# PROVIDED DATA:
------------------------------

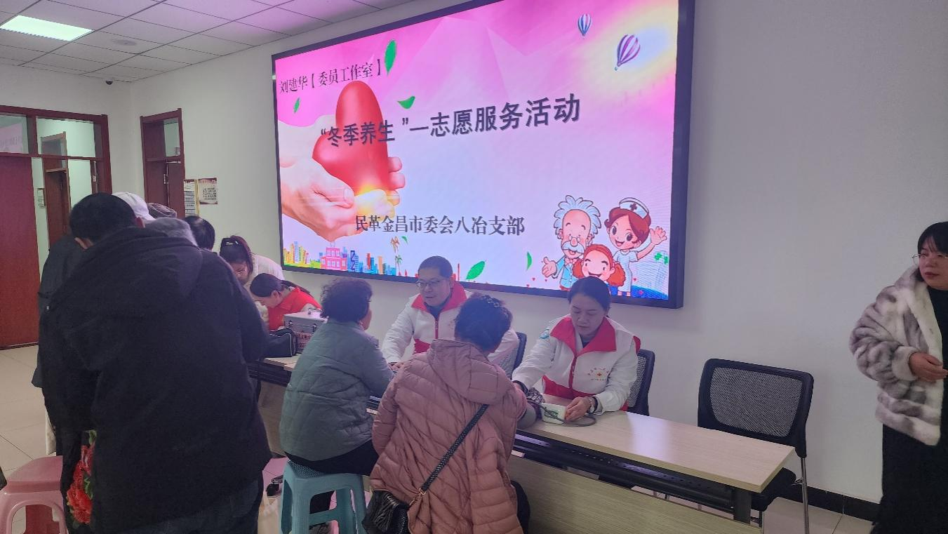 11月29日,民革金昌市八冶支部的部分医护人员前往金川区昌福里社区开展“健康讲座进社区 冬季义诊暖人心”志愿服务活动,向社区居民进行健康知识宣讲和义诊。市委会专职副主委刘建华参加活动。
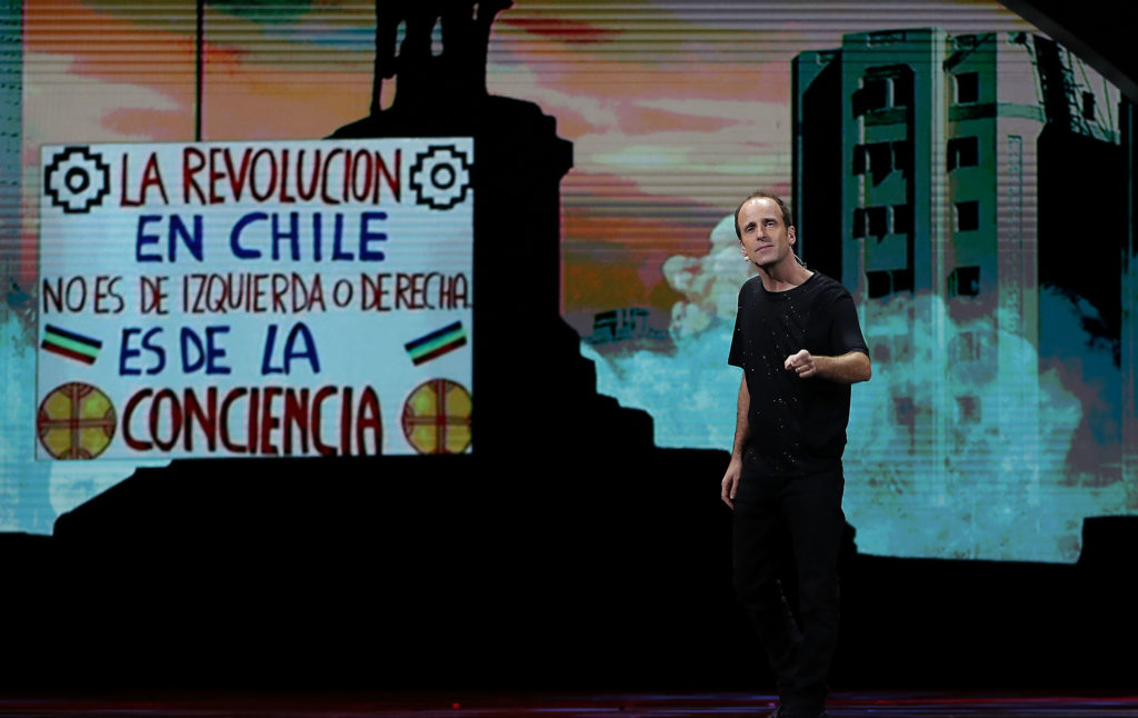 La rutina del imitador en Viña 2020 circuló de manera cronológica por el estallido social, desde el 18 de octubre en adelante. En un momento se refirió a la “primera línea” como los que permiten “que el resto se manifieste” y subió al escenario a distintos íconos de las protestas: el Sensual Spiderman, Baila Pikachu, Pareman, Nalcaman, entre otros.
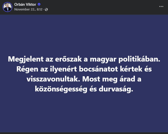 És még egy utolsó gondolatot ha megengednek a kedves olvasók. Orbán Viktor Miniszterelnök pár hete azt a kijelentést tette hogy: „Megjelent az erőszak a magyar politikában. Régen az ilyenért bocsánatot kértek és visszavonultak. Most meg árad a közönségesség és durvaság.” Miniszterelnök úr Ön szerint hol kezdődik a közönséggesség és durvaság? Menczer Tamás mai viselkedése még nem érte el ezt a határt?

------------------------------

# PROBLEM REQUIREMENTS:
Leaving aside the pictures, copy the listing above exactly.

# WRITTEN ANSWER:
 11月29日,民革金昌市八冶支部的部分医护人员前往金川区昌福里社区开展“健康讲座进社区 冬季义诊暖人心”志愿服务活动,向社区居民进行健康知识宣讲和义诊。市委会专职副主委刘建华参加活动。
 La rutina del imitador en Viña 2020 circuló de manera cronológica por el estallido social, desde el 18 de octubre en adelante. En un momento se refirió a la “primera línea” como los que permiten “que el resto se manifieste” y subió al escenario a distintos íconos de las protestas: el Sensual Spiderman, Baila Pikachu, Pareman, Nalcaman, entre otros.
 És még egy utolsó gondolatot ha megengednek a kedves olvasók. Orbán Viktor Miniszterelnök pár hete azt a kijelentést tette hogy: „Megjelent az erőszak a magyar politikában. Régen az ilyenért bocsánatot kértek és visszavonultak. Most meg árad a közönségesség és durvaság.” Miniszterelnök úr Ön szerint hol kezdődik a közönséggesség és durvaság? Menczer Tamás mai viselkedése még nem érte el ezt a határt?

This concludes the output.